The setup below produces a sparse, float16 hybrid on top of Llama-2-13B using TIES selection rather than full blending. Global parameters
enable normalize=True
(scale alignment) and int8_mask=True
(efficient sparsity masking). Per-model controls set what fraction to keep (density
) and how strongly to scale (weight
), optionally varying by layer or module:
- Orca Mini v3
density=[1, 0.7, 0.1]
(keep most early, little late),weight=1.0
. - Platypus2
density=0.5
,weight=[0, 0.3, 0.7, 1]
(growing influence with depth). - WizardLM
density=0.33
,weight=[{"filter":"mlp","value":0.5},{"value":0}]
(only MLPs contribute at 0.5; others ignored).

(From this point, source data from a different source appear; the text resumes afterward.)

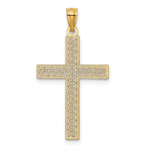 Polished diamond-cut filigree cross pendant is made of solid 14k yellow gold. Weight: 0.72 grams. Item measures 11/16 inch wide by 1 inch tall without loop and bail. Fits up to a 3mm wide chain. Made in USA.
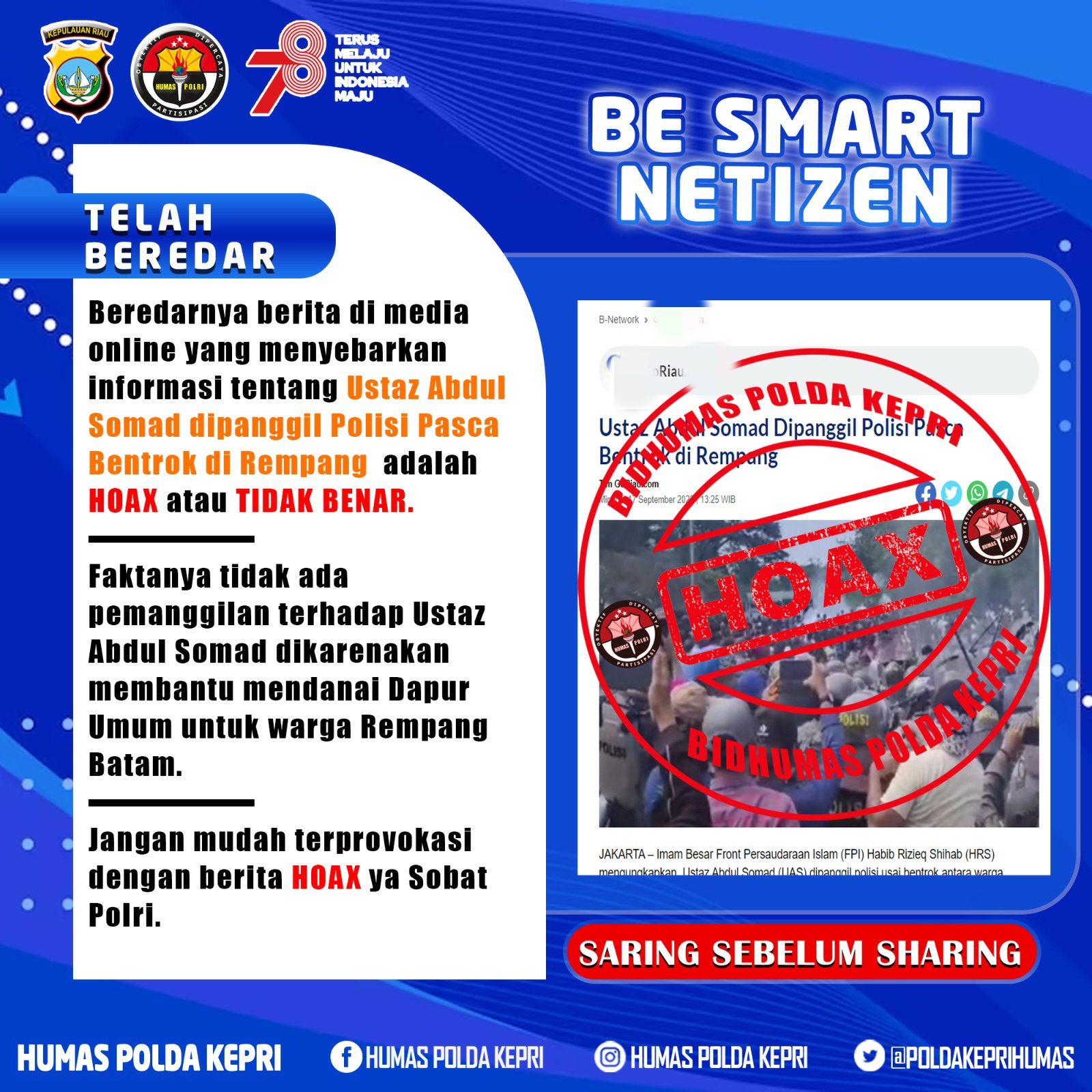 Kabidhumas Polda Kepri Kombes. Pol. Zahwani Pandra Arsyad, S.H. M.Si., menegaskan bahwa beredarnya berita di salah satu media online yang menyebarkan informasi tentang “Ustaz Abdul Somad dipanggil Polisi Pasca Bentrok di Rempang” adalah hoax atau tidak benar.
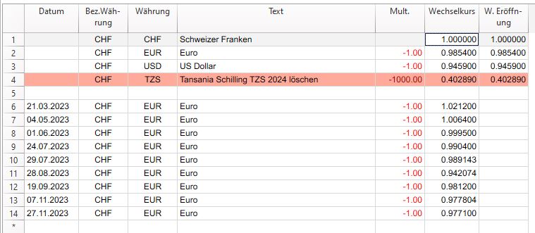 Führe ich anschliessend eine Aktualisierung der Eröffnungssalden aus, wird das Feld „W. Eröffnung“ durch das Programm automatisch und ohne Rückfrage durch den Eröffnungskurs des Vorjahres (!!) überschrieben. Hier also wird für 2022 als Eröffnungskurs der Wert 1,0981 aus dem Vorjahr eingetragen und entsprechend die Berechnung durchgeführt.
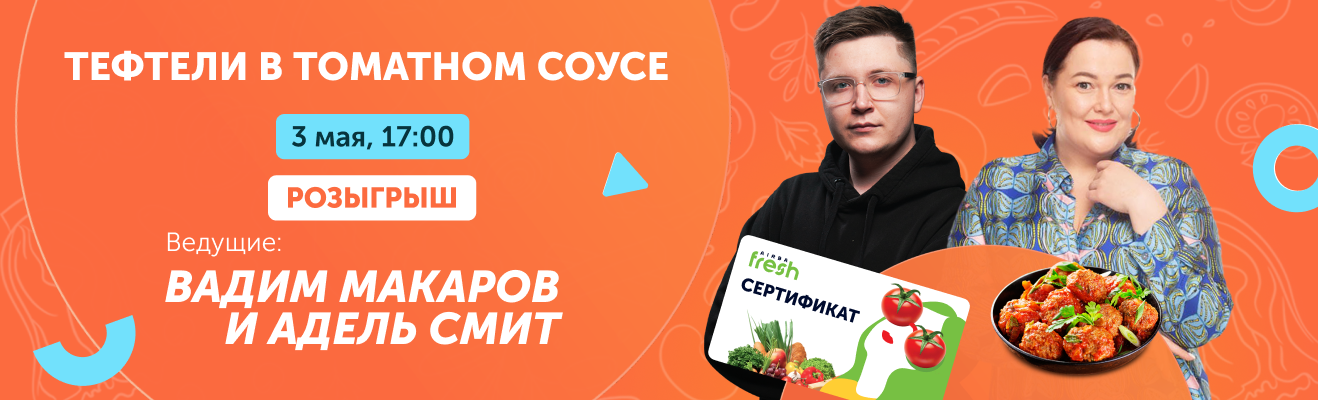Новая неделя – новый рецепт. Не знаешь, что сегодня приготовить на ужин? Вдохновляйся с Адель Смит в прямом эфире и узнай рецепт тефтелей в томатном соусе. По традиции, тебя ждёт розыгрыш среди зрителей: сертификат на 10 000 тенге от Airba Fresh!
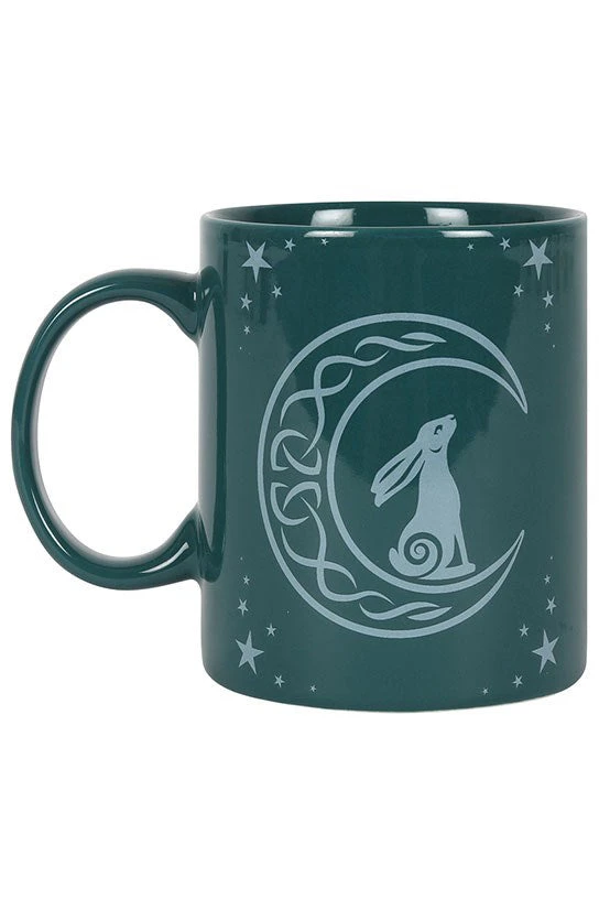 This green bone china mug features a moon gazing hare surrounded by stars, representing growth and good fortune. Comes in a matching display box and makes a thoughtful gift for the spiritual.
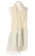 Wełniany elegancki kremowy szal Laura Verdiani 35x180cm Wełna Lurex kremowy ecru
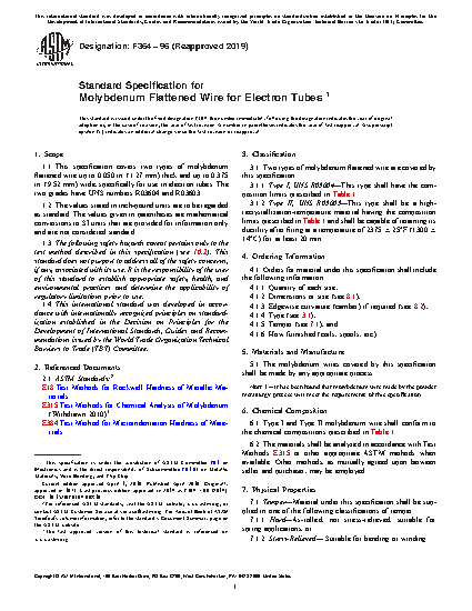 1.1 This specification covers two types of molybdenum flattened wire up to 0.050 in. (1.27 mm) thick and up to 0.375 in. (9.52 mm) wide, specifically for use in electron tubes. The two grades have UNS numbers R03604 and R03603.
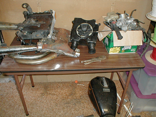 The remaining parts to be added. Roughly from left to right, the radiator, mufflers, airbox, down-pipes, and box o' stuff. The gas tank is below the table.
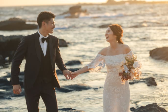 新郎様のご親戚が以前に撮影されており、 ご紹介で来店されたおふたり。 相談会で写真を見ながらロケ地を検討し、 話題のスポット城ヶ島の写真を見て「ここがいい!」と決定。

The result is a model that retains the strongest weights from each source with layer-/module-aware sparsity and scaling.
Note: TIES merging can be computationally intensive to run.
ties_merge_config = {
"merge_method": "ties",
"dtype": "float16",
"base_model": "TheBloke/Llama-2-13B-fp16",
"parameters": {
"normalize": True,
"int8_mask": True,
},
"models": [
{
"model": "pankajmathur/orca_mini_v3_13b",
"parameters": {
"density": [1, 0.7, 0.1],
"weight": 1.0,
},
},
{
"model": "garage-bAInd/Platypus2-13B",
"parameters": {
"density": 0.5,
"weight": [0, 0.3, 0.7, 1],
},
},
{
"model": "WizardLMTeam/WizardLM-13B-V1.2",
"parameters": {
"density": 0.33,
"weight": [
{"filter": "mlp", "value": 0.5},
{"value": 0},
],
},
},
],
}
ties_merge = MergeKit(
config_dict=ties_merge_config,
out_path="./mergekit_models/llama-orca-platypus-wizard-blend-ties",
trust_remote_code=True
)
ties_merge_pipeline = SteeringPipeline(
lazy_init=True,
controls=[ties_merge],
device="cuda"
)
ties_merge_pipeline.steer()
tokenizer = ties_merge_pipeline.tokenizer
inputs = tokenizer(prompt, return_tensors="pt", padding=True, padding_side="left")
gen_params = {
"max_new_tokens": 500
}
steered_response = ties_merge_pipeline.generate_text(
inputs.input_ids,
**gen_params
)
print("Response (TIES merge):\n", *steered_response)
Fetching 11 files: 100%|████████████████████████| 11/11 [00:26<00:00, 2.37s/it] Fetching 10 files: 100%|████████████████████████| 10/10 [02:20<00:00, 14.04s/it] Warmup loader cache: 100%|████████████████████████| 4/4 [02:46<00:00, 41.68s/it] Executing graph: 100%|██████████████████████| 2543/2543 [41:24<00:00, 1.02it/s] Loading checkpoint shards: 100%|██████████████████| 6/6 [00:41<00:00, 6.98s/it]
Response (TIES merge): James Monroe was the fifth president of the United States. He served from 1817 to 1825.
# optional cleanup
import shutil
shutil.rmtree("./mergekit_models/llama-orca-platypus-wizard-blend-ties")